The path to fiscal sustainability

March 01, 2013 01:33 am | Updated March 02, 2013 01:45 am IST

MGNREGS beneficiaries at a work site in Srikakulam in Andhra Pradesh.

MGNREGS beneficiaries at a work site in Srikakulam in Andhra Pradesh.

Many different words have been used to describe this budget — “reasonable,” “responsible,” “sound,” “did no harm.” The words that have not been used are “reformist” or “big bang.” I would call it a “conventional budget,” by which I mean what one had begun to expect once the reforms of the 1990s were over. Its main distinguishing feature is the determination to hold to fiscal deficit fixed in the budget and outlined in the long term policy stance. This is a welcome and necessary departure from the budgets since 2009-10. For the rest, it was the usual socio-political document, with a number of expenditure allocations to different groups to reassure them of its inclusive nature, and incremental measures to correct small anomalies in infrastructure sectors, presumed to be the central propeller of government planned development programmes.
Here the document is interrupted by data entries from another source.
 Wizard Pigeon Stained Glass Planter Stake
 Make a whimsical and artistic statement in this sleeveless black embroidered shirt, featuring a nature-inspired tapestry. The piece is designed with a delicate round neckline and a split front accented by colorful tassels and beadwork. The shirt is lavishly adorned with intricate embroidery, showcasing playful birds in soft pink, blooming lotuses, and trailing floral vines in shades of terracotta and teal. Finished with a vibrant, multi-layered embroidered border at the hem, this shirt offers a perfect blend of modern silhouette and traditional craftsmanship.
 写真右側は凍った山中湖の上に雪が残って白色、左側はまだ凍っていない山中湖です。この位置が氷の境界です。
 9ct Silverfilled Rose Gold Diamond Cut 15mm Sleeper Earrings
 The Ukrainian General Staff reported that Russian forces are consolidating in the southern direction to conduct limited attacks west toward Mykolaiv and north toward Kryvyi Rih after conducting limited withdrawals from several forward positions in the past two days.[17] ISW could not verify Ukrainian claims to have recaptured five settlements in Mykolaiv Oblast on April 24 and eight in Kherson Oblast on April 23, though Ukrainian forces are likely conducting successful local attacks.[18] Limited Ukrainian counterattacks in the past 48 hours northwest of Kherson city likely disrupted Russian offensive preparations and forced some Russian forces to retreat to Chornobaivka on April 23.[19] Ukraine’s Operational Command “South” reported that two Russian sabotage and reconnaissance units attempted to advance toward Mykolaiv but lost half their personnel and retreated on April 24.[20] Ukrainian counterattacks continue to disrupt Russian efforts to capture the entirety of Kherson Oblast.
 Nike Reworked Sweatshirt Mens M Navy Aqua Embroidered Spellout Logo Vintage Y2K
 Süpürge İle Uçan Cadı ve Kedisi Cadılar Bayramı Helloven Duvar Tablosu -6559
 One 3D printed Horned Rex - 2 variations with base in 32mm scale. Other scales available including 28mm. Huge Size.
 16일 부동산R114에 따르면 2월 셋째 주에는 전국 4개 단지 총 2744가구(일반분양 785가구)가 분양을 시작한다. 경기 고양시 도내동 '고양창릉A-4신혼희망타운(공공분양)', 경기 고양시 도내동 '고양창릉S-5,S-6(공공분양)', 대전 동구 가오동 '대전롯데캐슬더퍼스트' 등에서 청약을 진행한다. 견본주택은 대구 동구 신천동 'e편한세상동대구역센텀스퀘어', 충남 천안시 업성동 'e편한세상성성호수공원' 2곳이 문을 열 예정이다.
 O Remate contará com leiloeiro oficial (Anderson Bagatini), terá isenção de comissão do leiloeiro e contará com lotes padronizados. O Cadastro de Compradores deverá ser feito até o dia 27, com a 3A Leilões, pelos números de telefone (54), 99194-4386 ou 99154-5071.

Some expected a growth-oriented budget and others feared a populist budget. Neither the expectations nor the fears came true. Though the Finance Minister opened with a statement on the importance of economic growth for generating jobs, inclusive growth and revenues which could be used to help the poor, there was no headline making reform that could enthuse the stock markets or the domestic industrial community. Measures to incentivise investment, savings, infrastructure, bond markets were neither much better nor much worse than those seen in earlier budgets. Similarly, there were a number of expenditures and increases in the same, directed at the welfare of various groups, at food security and malnutrition, education and skill development, agriculture, textile workers and small industry. Personally, the budget achieved the professed objective of the Finance Minister to contain the fiscal deficit to 5.3 per cent of GDP in 2012-13 and to reduce it to 4.8 per cent of GDP in 2013-14. Though the growth assumption on which this was based is optimistic, my view is that this Finance Minister is very serious about the objective and will therefore ensure that it is achieved. This is an important step in restoring fiscal sustainability and macroeconomic balance, some of the most disturbing symbols of which are the current account deficit of 4.2 per cent of GDP during the last two years and the high rate of consumer price inflation.

For a ‘macro-pivot’

Why is this so important? In a paper in 2012 I showed how many growth stars became shooting stars because they were not able to deal with macroeconomic shocks emanating inside and outside their country. Thus it is essential to deal with this issue if we want to restore growth to a reasonable level and sustain it for the next few decades. Further, my analysis of the macroeconomic situation in India, suggests that the best way to remove the cyclical downturn in the Indian economy is a “macro-pivot,” which rebalances the fiscal and monetary policy, by tightening the former and loosening the latter. Again this is based on research which showed that in economies showing similar symptoms of macro imbalance as us, such a pivot led to an increase in the average growth rate in one to three succeeding years. Further the evidence is very clear when the fiscal tightening was the result of expenditure reduction but mixed or non-existent when it was the outcome of a tax increase.

The Finance Minister has accomplished this reduction in the fiscal deficit by correctly focusing on the reduction of subsidies, which were the cause of the unsustainable rise in the fiscal deficit. Further he has achieved it without cutting capital expenditure (government investment). In fact capital expenditures are budgeted to increase by 27 per cent in 2013-14. There is however, one trend that has not been reversed, which needs to be, to put the fiscal deficit on a sustainable trend. Revenue expenditures net of subsidies, are projected to increase at an even faster rate than the increase in GDP. Thus the ratio of these expenditures to GDP is likely to increase significantly.

He has also mentioned a number of pending Bills, such as the Direct Taxes Code Bill, Goods and Services Tax, Pensions and Insurance, that will help improve the investment climate. If his expectation/hope about these Bills in the budget fructify, then enough momentum will be generated to return to a growth rate of over six per cent in 2013-14. If these and other administrative and procedural reforms, such as the setting up of an effective ‘Road Regulatory Authority,” that have been talked about do not come through, then growth is likely to be around six per cent (+/- 0.5 per cent).

(Dr. Arvind Virmani is a former Chief Economic Advisor to the Ministry of Finance, Government of India.)